• EXERCISE INSTRUCTIONS:
The data below contains pictures, which are to be skipped; the lines starting at the line with "କବିତା ପାଠୋତ୍ସବରେ ଅତିଥିଙ୍କ" and ending at the line with "Installation view - Valmue" are to be output exactly, both ends included.
··· RECORDS SHOWN ···
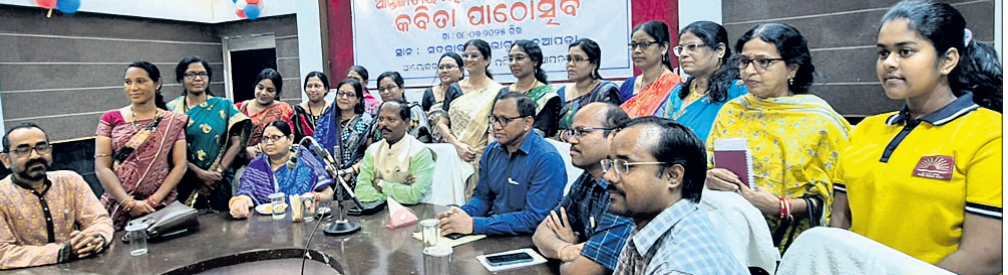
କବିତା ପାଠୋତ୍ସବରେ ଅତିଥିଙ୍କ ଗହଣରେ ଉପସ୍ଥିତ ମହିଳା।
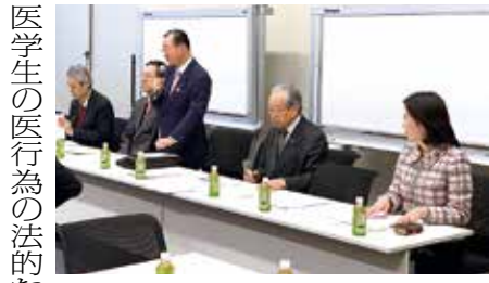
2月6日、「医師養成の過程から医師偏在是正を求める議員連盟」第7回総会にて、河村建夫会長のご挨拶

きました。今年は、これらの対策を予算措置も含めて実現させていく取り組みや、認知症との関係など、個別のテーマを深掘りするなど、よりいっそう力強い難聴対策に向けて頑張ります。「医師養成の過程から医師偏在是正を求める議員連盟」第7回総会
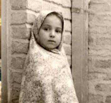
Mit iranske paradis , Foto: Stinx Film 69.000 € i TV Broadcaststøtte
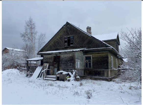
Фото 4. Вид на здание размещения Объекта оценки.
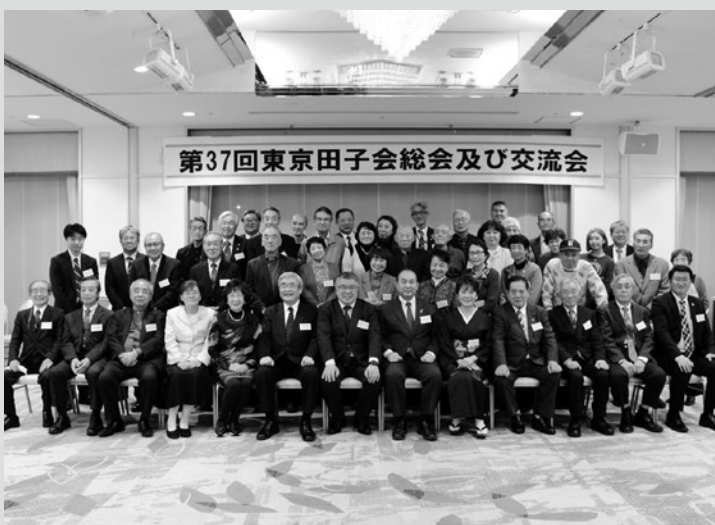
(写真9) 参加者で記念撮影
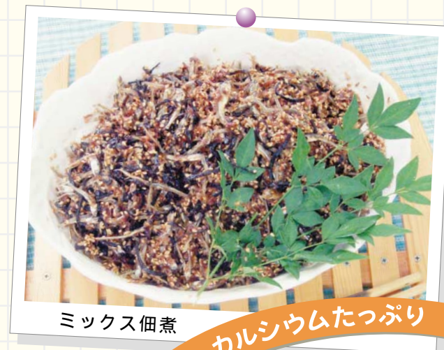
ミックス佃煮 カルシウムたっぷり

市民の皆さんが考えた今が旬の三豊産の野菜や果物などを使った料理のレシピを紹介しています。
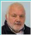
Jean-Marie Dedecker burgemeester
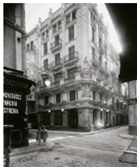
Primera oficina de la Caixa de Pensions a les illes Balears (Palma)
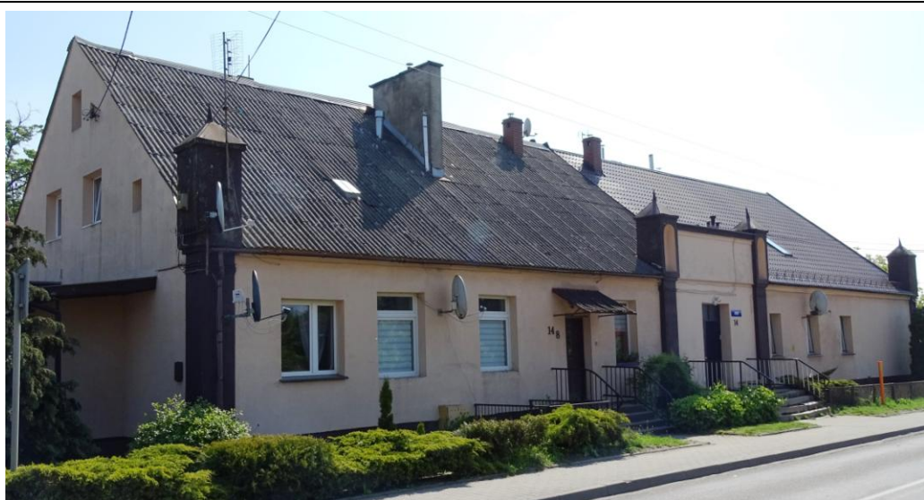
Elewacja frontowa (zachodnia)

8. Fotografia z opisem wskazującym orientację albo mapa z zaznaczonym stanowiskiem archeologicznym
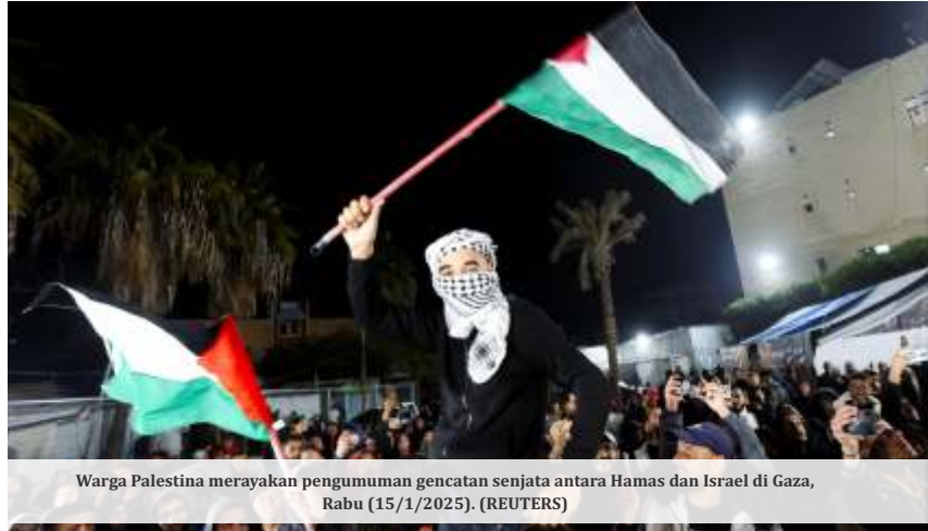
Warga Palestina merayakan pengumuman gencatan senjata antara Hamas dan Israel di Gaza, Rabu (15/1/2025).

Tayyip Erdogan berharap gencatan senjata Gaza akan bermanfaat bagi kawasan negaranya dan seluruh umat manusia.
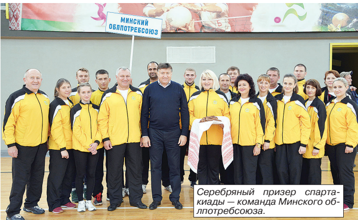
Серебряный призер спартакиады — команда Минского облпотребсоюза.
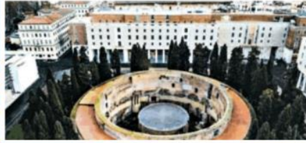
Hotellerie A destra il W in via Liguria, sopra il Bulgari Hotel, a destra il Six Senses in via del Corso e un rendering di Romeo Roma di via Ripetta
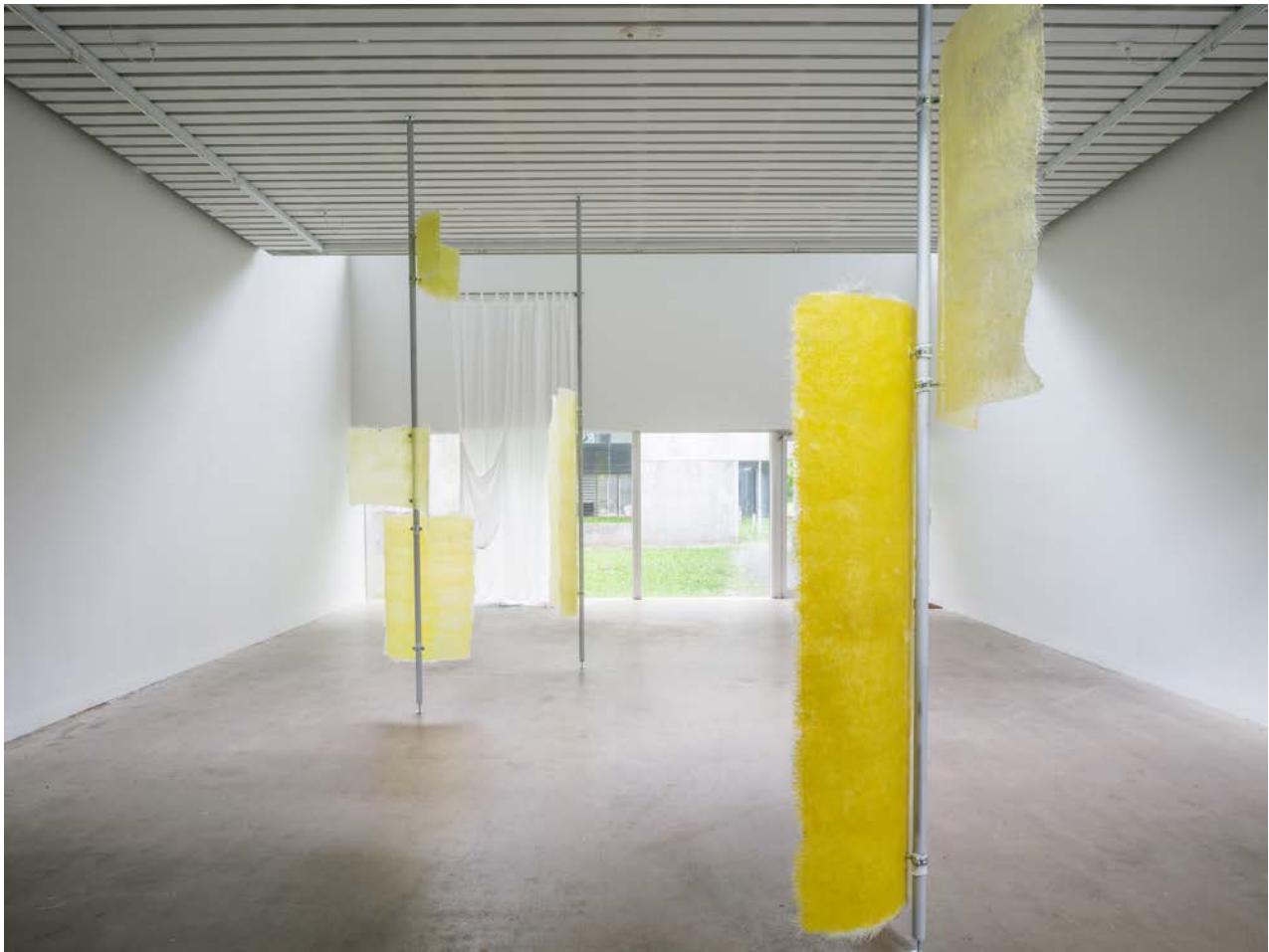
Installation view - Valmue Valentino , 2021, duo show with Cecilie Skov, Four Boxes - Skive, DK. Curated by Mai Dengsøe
···
··· RECORDS SHOWN ···
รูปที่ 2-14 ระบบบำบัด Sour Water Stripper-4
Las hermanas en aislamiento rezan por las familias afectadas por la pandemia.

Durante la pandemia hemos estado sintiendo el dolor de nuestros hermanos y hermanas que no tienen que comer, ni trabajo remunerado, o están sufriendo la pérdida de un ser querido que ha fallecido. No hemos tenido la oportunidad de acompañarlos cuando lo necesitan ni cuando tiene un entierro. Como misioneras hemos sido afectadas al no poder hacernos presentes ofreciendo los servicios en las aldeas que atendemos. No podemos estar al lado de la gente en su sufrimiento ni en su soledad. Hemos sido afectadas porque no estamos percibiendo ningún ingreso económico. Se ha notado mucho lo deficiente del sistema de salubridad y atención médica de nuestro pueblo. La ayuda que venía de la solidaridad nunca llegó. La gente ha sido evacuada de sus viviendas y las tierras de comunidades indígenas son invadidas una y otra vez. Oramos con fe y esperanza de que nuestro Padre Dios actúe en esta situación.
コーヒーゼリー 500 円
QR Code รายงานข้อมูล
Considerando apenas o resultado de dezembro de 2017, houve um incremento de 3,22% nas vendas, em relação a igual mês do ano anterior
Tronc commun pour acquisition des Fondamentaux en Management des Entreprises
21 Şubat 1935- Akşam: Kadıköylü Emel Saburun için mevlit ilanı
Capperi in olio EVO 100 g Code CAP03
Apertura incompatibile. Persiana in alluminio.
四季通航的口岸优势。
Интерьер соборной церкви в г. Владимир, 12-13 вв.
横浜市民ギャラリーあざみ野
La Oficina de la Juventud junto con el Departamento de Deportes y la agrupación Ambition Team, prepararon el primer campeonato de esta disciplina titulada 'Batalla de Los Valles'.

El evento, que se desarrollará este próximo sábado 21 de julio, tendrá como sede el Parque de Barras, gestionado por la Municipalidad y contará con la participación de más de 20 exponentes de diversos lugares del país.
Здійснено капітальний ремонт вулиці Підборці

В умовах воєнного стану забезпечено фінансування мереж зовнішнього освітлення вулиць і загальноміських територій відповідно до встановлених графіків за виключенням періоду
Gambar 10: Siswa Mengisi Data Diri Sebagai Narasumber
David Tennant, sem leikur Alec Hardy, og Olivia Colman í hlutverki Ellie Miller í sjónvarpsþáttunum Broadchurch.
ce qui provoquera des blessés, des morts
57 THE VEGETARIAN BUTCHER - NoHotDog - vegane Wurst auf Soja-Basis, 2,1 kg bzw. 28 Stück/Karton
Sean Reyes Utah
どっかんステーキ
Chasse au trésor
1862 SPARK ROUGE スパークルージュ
···
··· RECORDS SHOWN ···
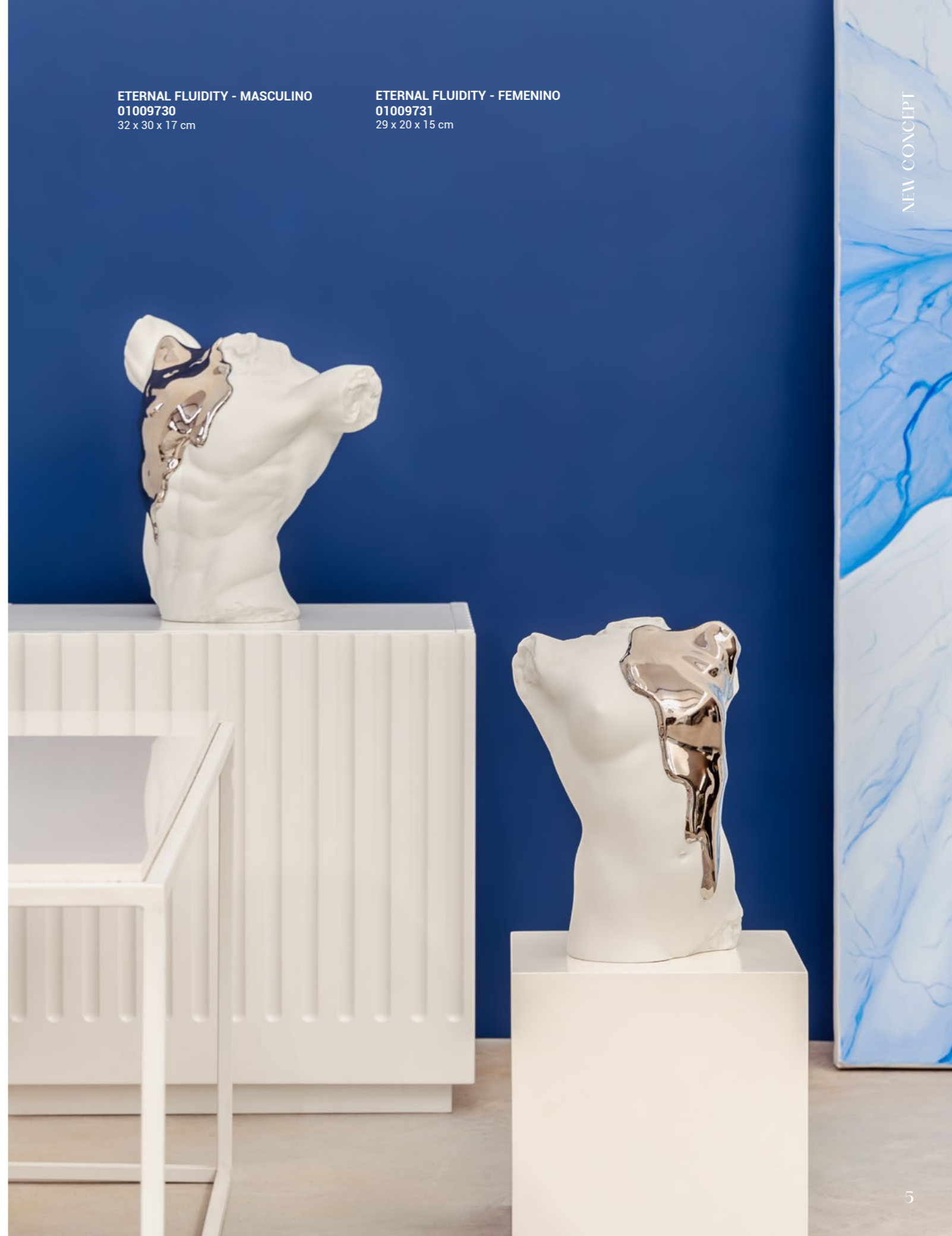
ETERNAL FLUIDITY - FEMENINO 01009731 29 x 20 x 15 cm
···
• COMPLETED TASK:
କବିତା ପାଠୋତ୍ସବରେ ଅତିଥିଙ୍କ ଗହଣରେ ଉପସ୍ଥିତ ମହିଳା।
2月6日、「医師養成の過程から医師偏在是正を求める議員連盟」第7回総会にて、河村建夫会長のご挨拶

きました。今年は、これらの対策を予算措置も含めて実現させていく取り組みや、認知症との関係など、個別のテーマを深掘りするなど、よりいっそう力強い難聴対策に向けて頑張ります。「医師養成の過程から医師偏在是正を求める議員連盟」第7回総会
Mit iranske paradis , Foto: Stinx Film 69.000 € i TV Broadcaststøtte
Фото 4. Вид на здание размещения Объекта оценки.
(写真9) 参加者で記念撮影
ミックス佃煮 カルシウムたっぷり

市民の皆さんが考えた今が旬の三豊産の野菜や果物などを使った料理のレシピを紹介しています。
Jean-Marie Dedecker burgemeester
Primera oficina de la Caixa de Pensions a les illes Balears (Palma)
Elewacja frontowa (zachodnia)

8. Fotografia z opisem wskazującym orientację albo mapa z zaznaczonym stanowiskiem archeologicznym
Warga Palestina merayakan pengumuman gencatan senjata antara Hamas dan Israel di Gaza, Rabu (15/1/2025).

Tayyip Erdogan berharap gencatan senjata Gaza akan bermanfaat bagi kawasan negaranya dan seluruh umat manusia.
Серебряный призер спартакиады — команда Минского облпотребсоюза.
Hotellerie A destra il W in via Liguria, sopra il Bulgari Hotel, a destra il Six Senses in via del Corso e un rendering di Romeo Roma di via Ripetta
Installation view - Valmue Valentino , 2021, duo show with Cecilie Skov, Four Boxes - Skive, DK. Curated by Mai Dengsøe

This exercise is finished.